◆ Listed entries
● ● ● ● ●

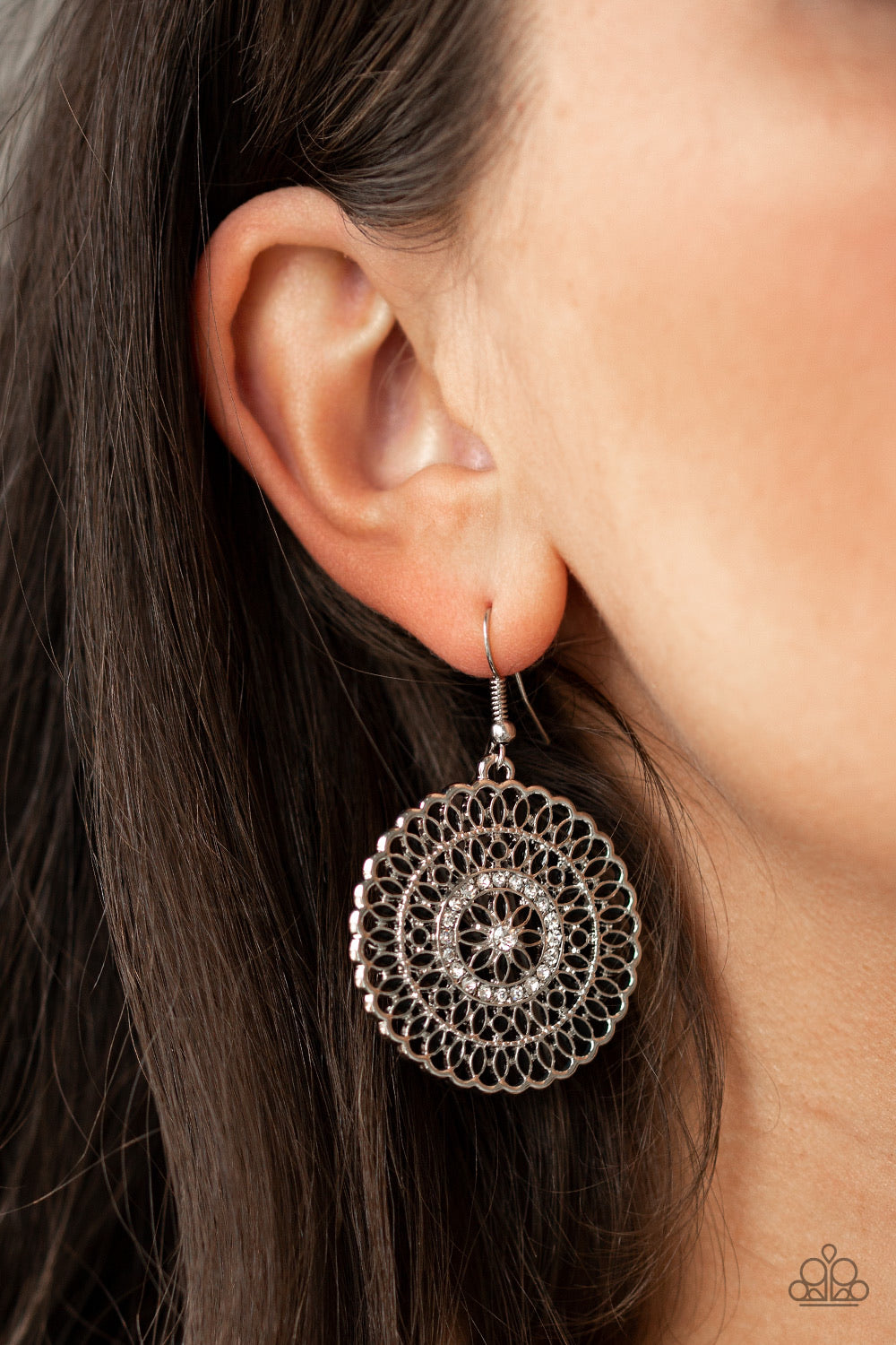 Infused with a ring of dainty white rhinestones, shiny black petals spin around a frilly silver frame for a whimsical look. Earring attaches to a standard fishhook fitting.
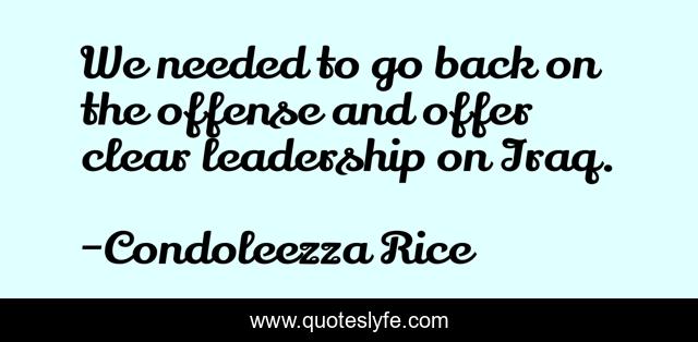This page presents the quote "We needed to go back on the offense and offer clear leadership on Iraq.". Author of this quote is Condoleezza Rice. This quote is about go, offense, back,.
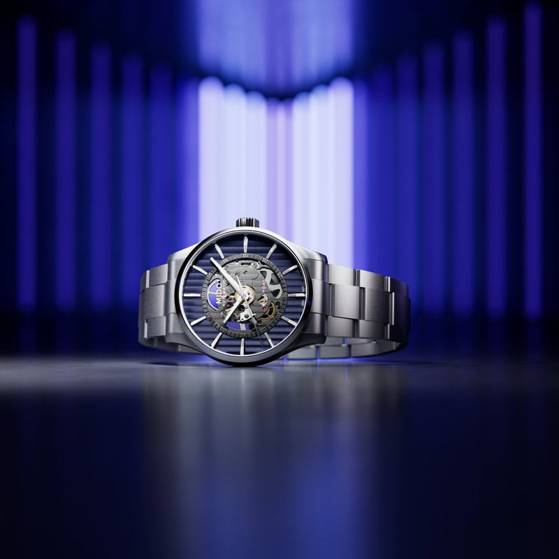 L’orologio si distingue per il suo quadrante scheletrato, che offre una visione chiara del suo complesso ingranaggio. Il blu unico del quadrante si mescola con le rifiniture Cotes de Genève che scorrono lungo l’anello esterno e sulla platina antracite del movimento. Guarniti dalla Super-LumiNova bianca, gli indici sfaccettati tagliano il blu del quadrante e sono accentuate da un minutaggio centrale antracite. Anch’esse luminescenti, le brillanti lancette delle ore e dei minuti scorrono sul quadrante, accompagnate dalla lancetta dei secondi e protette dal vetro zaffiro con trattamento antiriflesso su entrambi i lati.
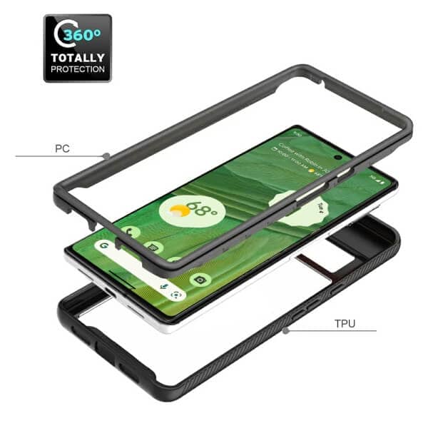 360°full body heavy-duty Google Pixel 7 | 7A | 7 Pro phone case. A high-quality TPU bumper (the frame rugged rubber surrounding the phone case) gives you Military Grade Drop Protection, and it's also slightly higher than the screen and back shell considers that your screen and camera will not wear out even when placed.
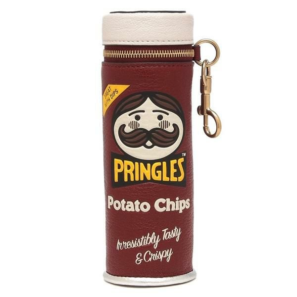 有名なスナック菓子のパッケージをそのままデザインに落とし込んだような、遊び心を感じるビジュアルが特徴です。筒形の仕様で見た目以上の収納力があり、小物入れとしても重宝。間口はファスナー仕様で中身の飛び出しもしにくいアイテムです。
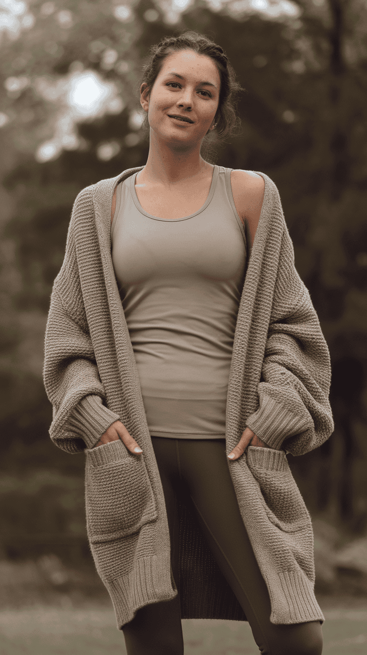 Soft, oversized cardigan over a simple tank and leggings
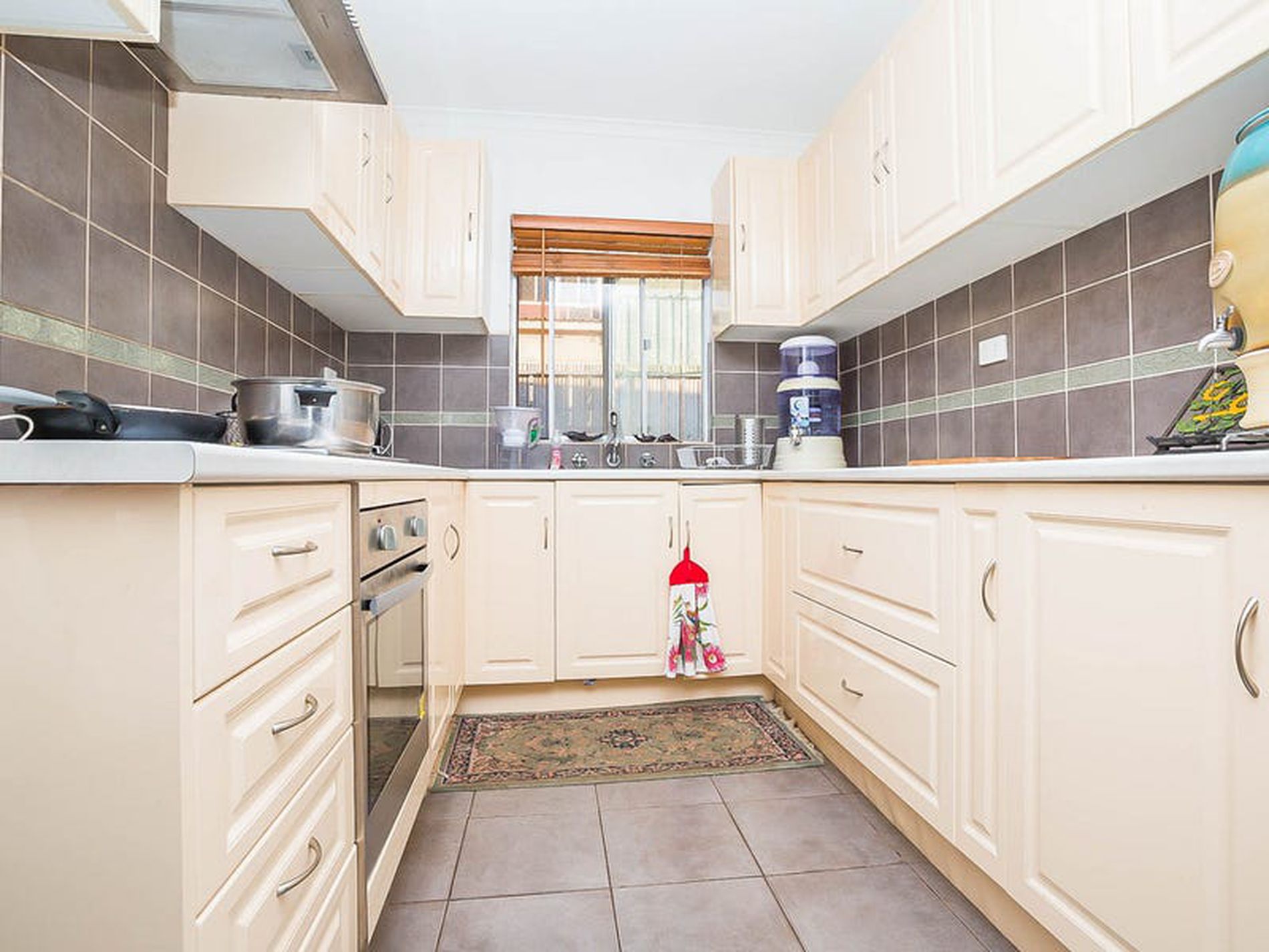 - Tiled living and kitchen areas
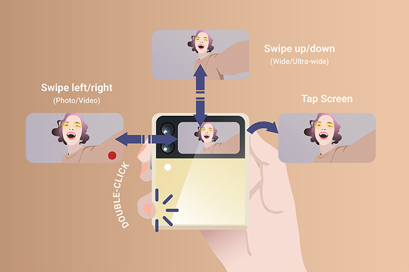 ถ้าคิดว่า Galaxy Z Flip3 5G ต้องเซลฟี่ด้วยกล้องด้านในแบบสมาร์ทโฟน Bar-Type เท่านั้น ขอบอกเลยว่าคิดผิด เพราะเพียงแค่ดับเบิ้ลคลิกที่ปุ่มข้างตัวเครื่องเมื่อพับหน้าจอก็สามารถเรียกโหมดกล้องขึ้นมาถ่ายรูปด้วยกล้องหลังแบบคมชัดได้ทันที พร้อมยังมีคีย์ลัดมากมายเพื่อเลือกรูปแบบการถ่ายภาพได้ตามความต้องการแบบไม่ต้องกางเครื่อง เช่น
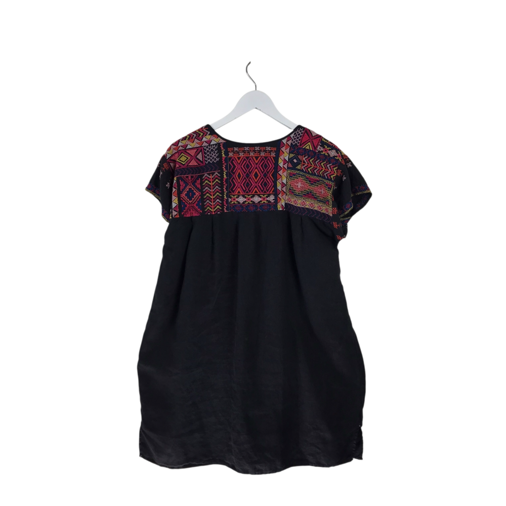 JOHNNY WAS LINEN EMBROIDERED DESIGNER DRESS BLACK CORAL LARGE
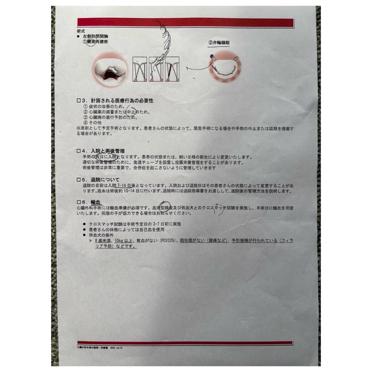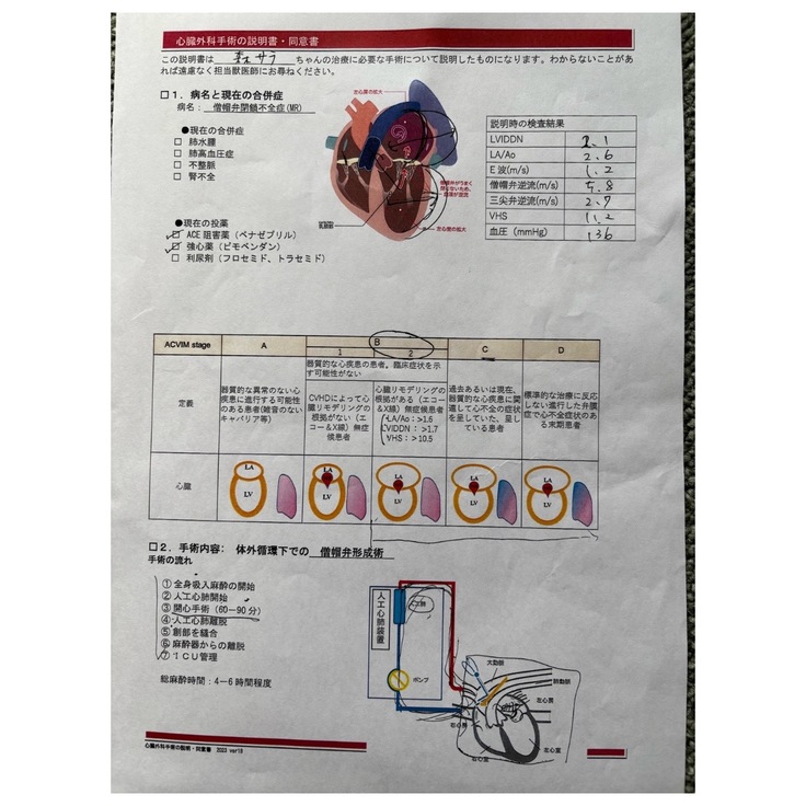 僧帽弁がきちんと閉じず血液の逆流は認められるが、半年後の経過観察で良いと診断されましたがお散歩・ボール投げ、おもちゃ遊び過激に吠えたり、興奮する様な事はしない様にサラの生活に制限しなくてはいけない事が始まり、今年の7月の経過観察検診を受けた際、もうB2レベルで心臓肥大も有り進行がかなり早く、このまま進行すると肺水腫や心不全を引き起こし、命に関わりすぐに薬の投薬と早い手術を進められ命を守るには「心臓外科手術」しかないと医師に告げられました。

● ● ● ● ●

All lines from the start of the entries through the one with "L’orologio si distingue" are to be output exactly; omit the pictures.

 Infused with a ring of dainty white rhinestones, shiny black petals spin around a frilly silver frame for a whimsical look. Earring attaches to a standard fishhook fitting.
This page presents the quote "We needed to go back on the offense and offer clear leadership on Iraq.". Author of this quote is Condoleezza Rice. This quote is about go, offense, back,.
 L’orologio si distingue per il suo quadrante scheletrato, che offre una visione chiara del suo complesso ingranaggio. Il blu unico del quadrante si mescola con le rifiniture Cotes de Genève che scorrono lungo l’anello esterno e sulla platina antracite del movimento. Guarniti dalla Super-LumiNova bianca, gli indici sfaccettati tagliano il blu del quadrante e sono accentuate da un minutaggio centrale antracite. Anch’esse luminescenti, le brillanti lancette delle ore e dei minuti scorrono sul quadrante, accompagnate dalla lancetta dei secondi e protette dal vetro zaffiro con trattamento antiriflesso su entrambi i lati.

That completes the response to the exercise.